• Task to complete: With the images omitted, return all of the entries exactly as they stand.

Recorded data
━━━━━━━━━━━━━━━━

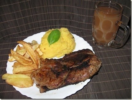 Servim cu cartofi prajiti, mamaliguta, castraveciori murati si must. Prea bun, un adevarat ospat…
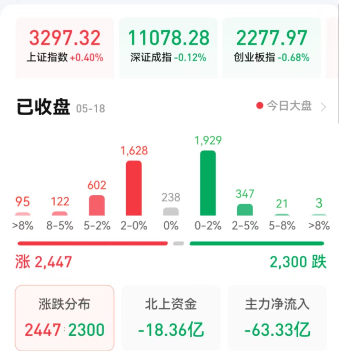 周四(5月18日),A股三大股指震蕩分化,漲跌不一。截至收盤,上證指數(shù)漲0.4%報3297.32點,深證成指跌0.12%報11078.28點,創(chuàng)業(yè)板指跌0.68%報2277.97點,科創(chuàng)50指數(shù)漲0.5%;兩市合計成交8799億元,北向資金凈賣出18.36億元??傮w上看,兩市個股漲多跌少。其中,漲停個股達49只,跌停個股達21只。
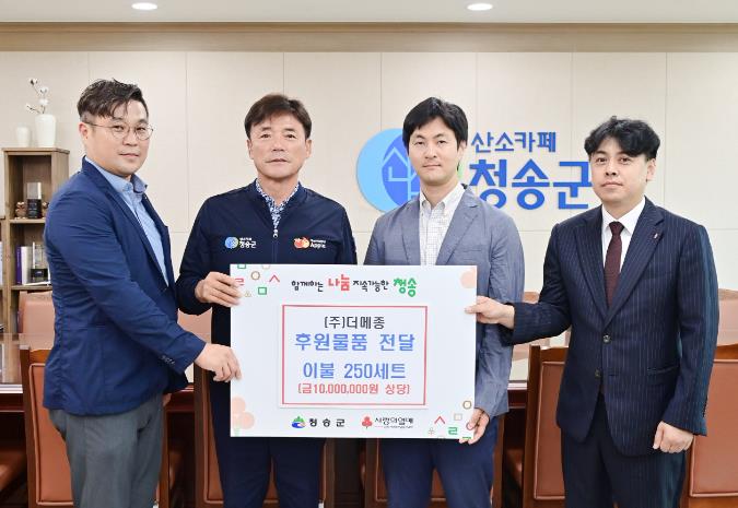 [뉴스서치] 청송군은 (주)더메종이 7월 11일 청송군 주민들을 위해서 이불 250세트(1,000만 원 상당)를 전달했다고 밝혔다.
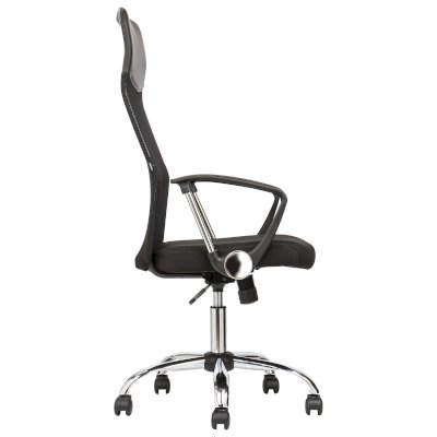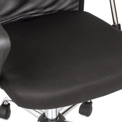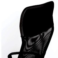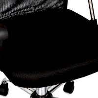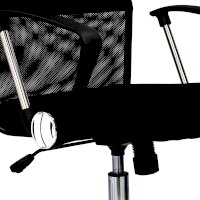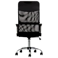 Спинка кресла выполнена из прочного сетчатого акрила. Материал обладает высокой воздухопроницаемостью, легко чистится, способен подстраиваться под физиологические изгибы спины, при этом сохраняет форму и не растягивается. Верхняя, наиболее подверженная износу, часть спинки изготовлена из экокожи. Помимо этого в области поясницы предусмотрена специальная вставка из эластичной ленты для дополнительной поддержки спины.
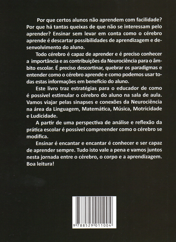 Este livro traz estratégias para o educador de como é possível estimular o cérebro do aluno na sala de aula. Vamos viajar pelas sinapses e conexões da Neurociência na área da Linguagem, Matemática, Música, Motricidade e Ludicidade.
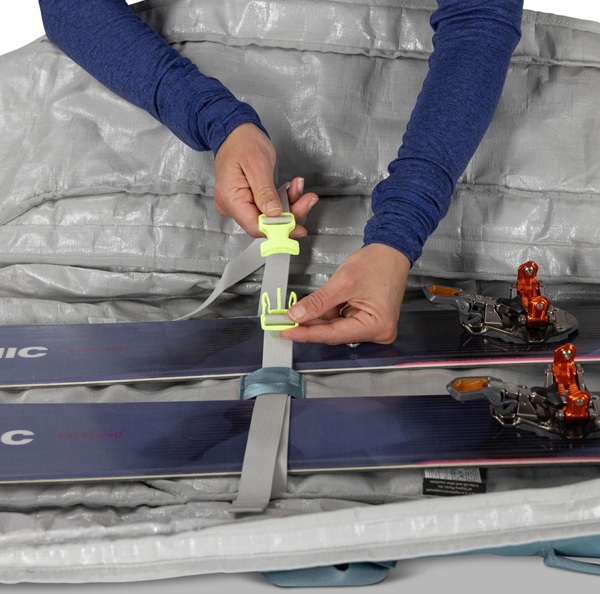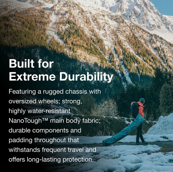 Elevate winter travel with unmatched reliability and ease. The Mountain Bound Roller’s rugged chassis and oversized wheels take variable terrain in stride, while durable, highly water-resistant NanoTough™ fabric, padded sidewalls and internal/external compression secure one or two snowboards or pairs of skis (up to 195 cm) on long travel days.
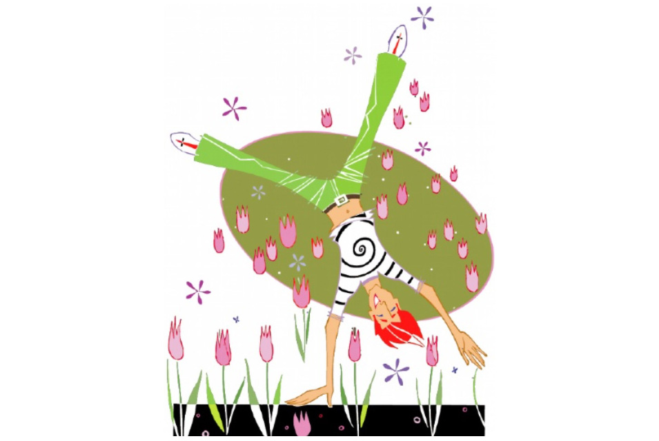 SPRING CARTWHEEL 12"x9" . pen and ink, Adobe illustrator
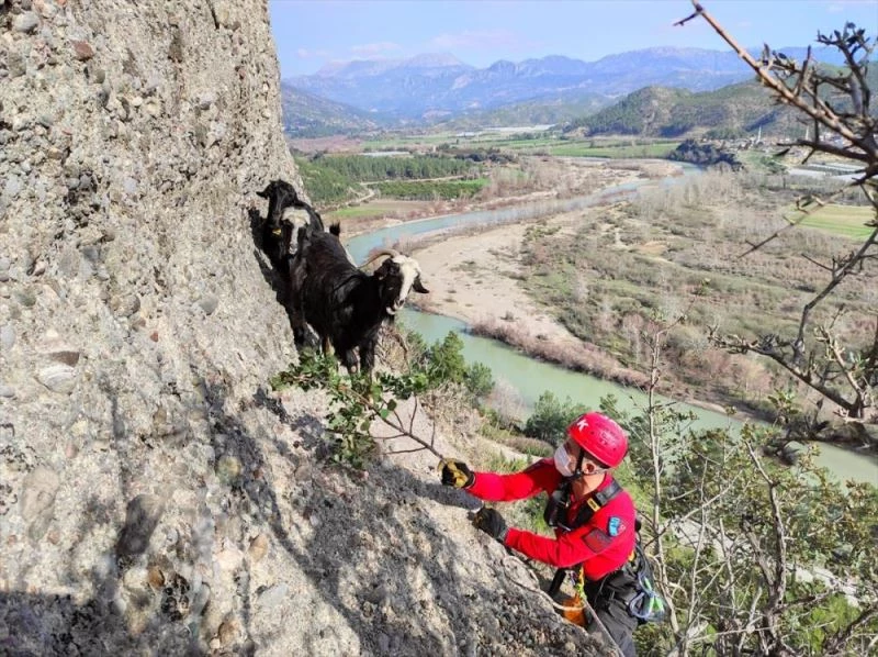 ANTALYA (AA) - Antalya'nın Serik ilçesinde uçurumda mahsur kalan 3 keçiyi jandarma ekibi kurtardı.
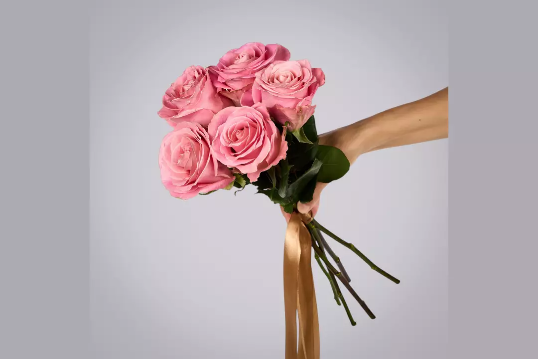 Монобукет из 5 роз "Hermosa" под ленту
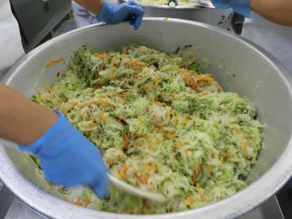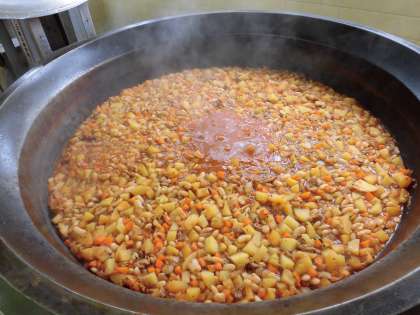 ☆今日の献立は『ポークビーンズ』です。ポークビーンズはアメリカの家庭料理の1つとも言われていて、豆と豚肉をトマト味で煮込んだものをいいます。給食室の大釜でたくさん作りました。
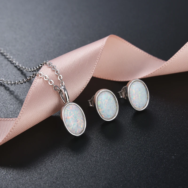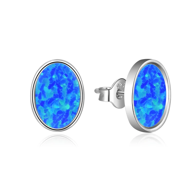925 Sterling Silver Oval Stud Earrings | Simulated Opalite Center Stone | Hypoallergenic Play-of-Color Ear Studs for Women
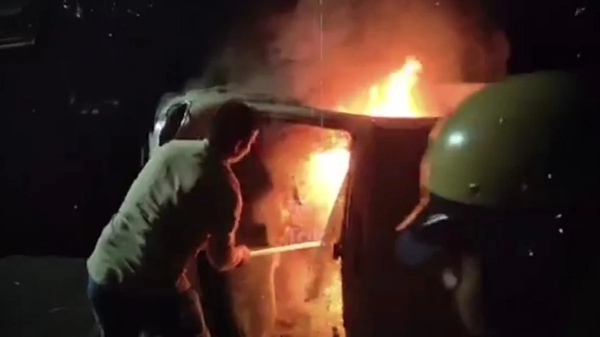 The event caused loss of property as at least two cars were torched, and several parked vehicles were vandalised.
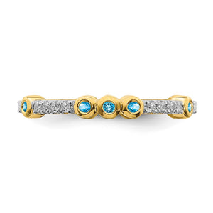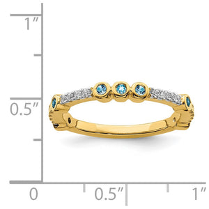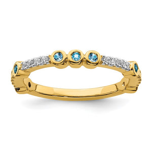 Make it simple and stylish with bands of different textures, finishes, widths and colors or extravagant with diamonds and gemstones! This stackable ring created from solid 14k yellow gold features 5 bezel set blue topaz gemstones totaling 1/8 carat and 8 prong set genuine diamonds totaling .8 of a carat. The natural diamonds are I2 in clarity and I-J in color. The approximate band width is 2mm. Guaranteed to fit together perfectly with all of the mix and match Stackable Expressions rings. The color range varies on all genuine gemstones so please allow for slight variations in shades (bright light to medium light blue). The color on your screen may also not reflect actual gemstone color due to variations in monitors.
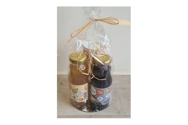 Een kadopakket wat bestaat uit een potje kruisbessenjam en bramenjam. Op de afbeelding is...

━━━━━━━━━━━━━━━━

• Worked solution:
 Servim cu cartofi prajiti, mamaliguta, castraveciori murati si must. Prea bun, un adevarat ospat…
 周四(5月18日),A股三大股指震蕩分化,漲跌不一。截至收盤,上證指數(shù)漲0.4%報3297.32點,深證成指跌0.12%報11078.28點,創(chuàng)業(yè)板指跌0.68%報2277.97點,科創(chuàng)50指數(shù)漲0.5%;兩市合計成交8799億元,北向資金凈賣出18.36億元??傮w上看,兩市個股漲多跌少。其中,漲停個股達49只,跌停個股達21只。
 [뉴스서치] 청송군은 (주)더메종이 7월 11일 청송군 주민들을 위해서 이불 250세트(1,000만 원 상당)를 전달했다고 밝혔다.
 Спинка кресла выполнена из прочного сетчатого акрила. Материал обладает высокой воздухопроницаемостью, легко чистится, способен подстраиваться под физиологические изгибы спины, при этом сохраняет форму и не растягивается. Верхняя, наиболее подверженная износу, часть спинки изготовлена из экокожи. Помимо этого в области поясницы предусмотрена специальная вставка из эластичной ленты для дополнительной поддержки спины.
 Este livro traz estratégias para o educador de como é possível estimular o cérebro do aluno na sala de aula. Vamos viajar pelas sinapses e conexões da Neurociência na área da Linguagem, Matemática, Música, Motricidade e Ludicidade.
 Elevate winter travel with unmatched reliability and ease. The Mountain Bound Roller’s rugged chassis and oversized wheels take variable terrain in stride, while durable, highly water-resistant NanoTough™ fabric, padded sidewalls and internal/external compression secure one or two snowboards or pairs of skis (up to 195 cm) on long travel days.
 SPRING CARTWHEEL 12"x9" . pen and ink, Adobe illustrator
 ANTALYA (AA) - Antalya'nın Serik ilçesinde uçurumda mahsur kalan 3 keçiyi jandarma ekibi kurtardı.
 Монобукет из 5 роз "Hermosa" под ленту
 ☆今日の献立は『ポークビーンズ』です。ポークビーンズはアメリカの家庭料理の1つとも言われていて、豆と豚肉をトマト味で煮込んだものをいいます。給食室の大釜でたくさん作りました。
925 Sterling Silver Oval Stud Earrings | Simulated Opalite Center Stone | Hypoallergenic Play-of-Color Ear Studs for Women
 The event caused loss of property as at least two cars were torched, and several parked vehicles were vandalised.
 Make it simple and stylish with bands of different textures, finishes, widths and colors or extravagant with diamonds and gemstones! This stackable ring created from solid 14k yellow gold features 5 bezel set blue topaz gemstones totaling 1/8 carat and 8 prong set genuine diamonds totaling .8 of a carat. The natural diamonds are I2 in clarity and I-J in color. The approximate band width is 2mm. Guaranteed to fit together perfectly with all of the mix and match Stackable Expressions rings. The color range varies on all genuine gemstones so please allow for slight variations in shades (bright light to medium light blue). The color on your screen may also not reflect actual gemstone color due to variations in monitors.
 Een kadopakket wat bestaat uit een potje kruisbessenjam en bramenjam. Op de afbeelding is...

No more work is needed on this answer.